Rethinking the Earned Income Tax Credit is one way that Democrats would like to own taxes as an issue—as in the process, not revenues. While the Trump administration pledged last year to shrink the standard 1040 income tax form to the size of a postcard, the new form requires taxpayers to consult worksheets for several popular deductions, including student loan interest and childcare expenses, while also shifting business income and capital gains to other pages. Taxpayers waiting for the federal government to fulfill its evergreen promise to simplify the tax code—or even have the IRS calculate what taxpayers owe—may need to wait for Democrats to control the White House and Congress.
Progressives are already eyeing reforms that would make filing taxes simpler, period. Senator Elizabeth Warren just introduced a bill that would radically simplify filing for taxpayers. But the status quo has powerful defenders in the for-profit tax-preparing industry: A bill that would permanently bar the Internal Revenue Service from launching a free electronic tax filing system that would compete with TurboTax passed the Democratic-controlled House by a voice vote, despite opposition from Representative Alexandria Ocasio-Cortez and other progressives.
Still other Democrats are looking to expand the scope of the Earned Income Tax Credit. Last week, Ohio Senator Sherrod Brown introduced the Working Families Tax Relief Act, a bill that would expand the credit for families with children by 25 percent. The policy would enable 46 million households to claim the credit, make the Child Tax Credit fully refundable, and allow these taxpayers to draw a $500 advance on their tax refund.

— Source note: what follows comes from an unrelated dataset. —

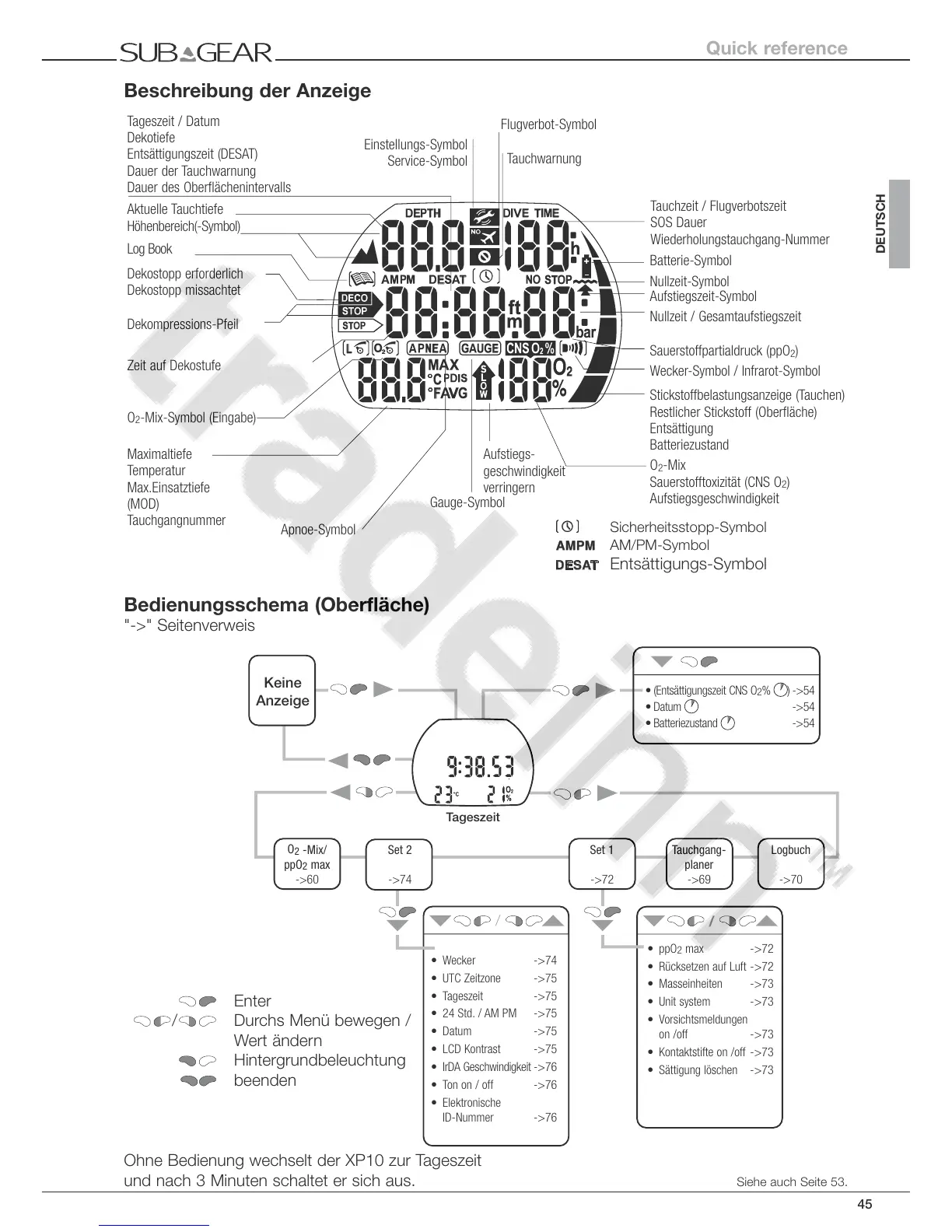 Ohne Bedienung wechselt der XP10 zur Tageszeit

Both Brown and the Economic Security Project’s proposals are certain to draw the ire of the payday loan industry, which has been reinvigorated by the Trump administration’s rollback of consumer protections on lending. Enabling eligible taxpayers to take a small-dollar advance on their credit-enhanced tax refunds, or to receive installments all year long, could undercut the market for their product—short-term, high-interest loans. Short-circuiting this $90 billion industry could be a progressive goal in itself: The average payday loan customer pays $520 in fees to borrow $325 in credit, per Bloomberg.

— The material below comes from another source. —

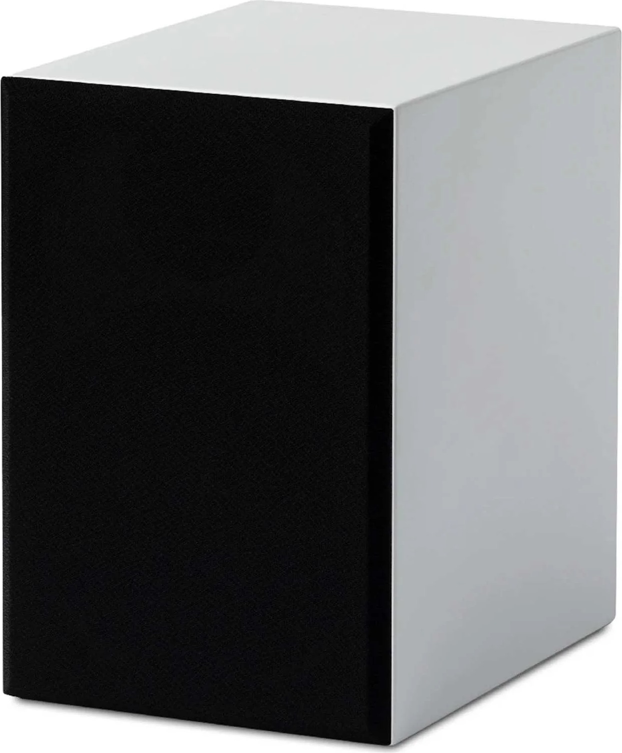 Кабинет из МДФ в белом глянце придаёт аккуратный внешний вид и снижает резонансы по сравнению с тонкими материалами. Заднее расположение фазоинвертора и компактные габариты (высота 106 мм, ширина 160 мм, глубина 152 мм) определяют варианты установки на полке, в тумбе или в составе мебели. Съёмные панели позволяют менять внешний вид без вмешательства в акустику.

Brown’s bill now has the support of 46 Democratic senators and more than 80 national organizations, including the Center on Budget and Policy Priorities and Economic Security Project Action, the lobbyist arm of the group behind the Cost-of-Living Refund. (Ruben serves as its director.) This plan represents an incremental approach to improving the Earned Income Tax Credit.

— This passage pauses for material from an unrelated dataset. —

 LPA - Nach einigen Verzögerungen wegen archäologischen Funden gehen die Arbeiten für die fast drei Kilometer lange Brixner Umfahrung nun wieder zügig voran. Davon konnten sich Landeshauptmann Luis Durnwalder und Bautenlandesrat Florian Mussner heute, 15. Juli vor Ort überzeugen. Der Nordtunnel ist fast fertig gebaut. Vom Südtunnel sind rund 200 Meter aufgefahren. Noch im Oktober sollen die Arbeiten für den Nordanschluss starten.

The Cost-of-Living Refund is a bigger-picture concept, closer in kind to the Green New Deal or Medicare for All proposals, Ruben says. It serves as an umbrella for a number of related policies and reforms. And he thinks that a monthly, expanded tax credit could be the next litmus adopted by the Democratic Party.
“You can’t run for president as a Democrat today if you’re not in favor of $15 an hour minimum wage,” Ruben says. (That’s probably true of many if not all the current declared candidates.) “I think we’re going to be in that place over the next few months where everybody has some version of an income policy like a Cost-of-Living Refund.”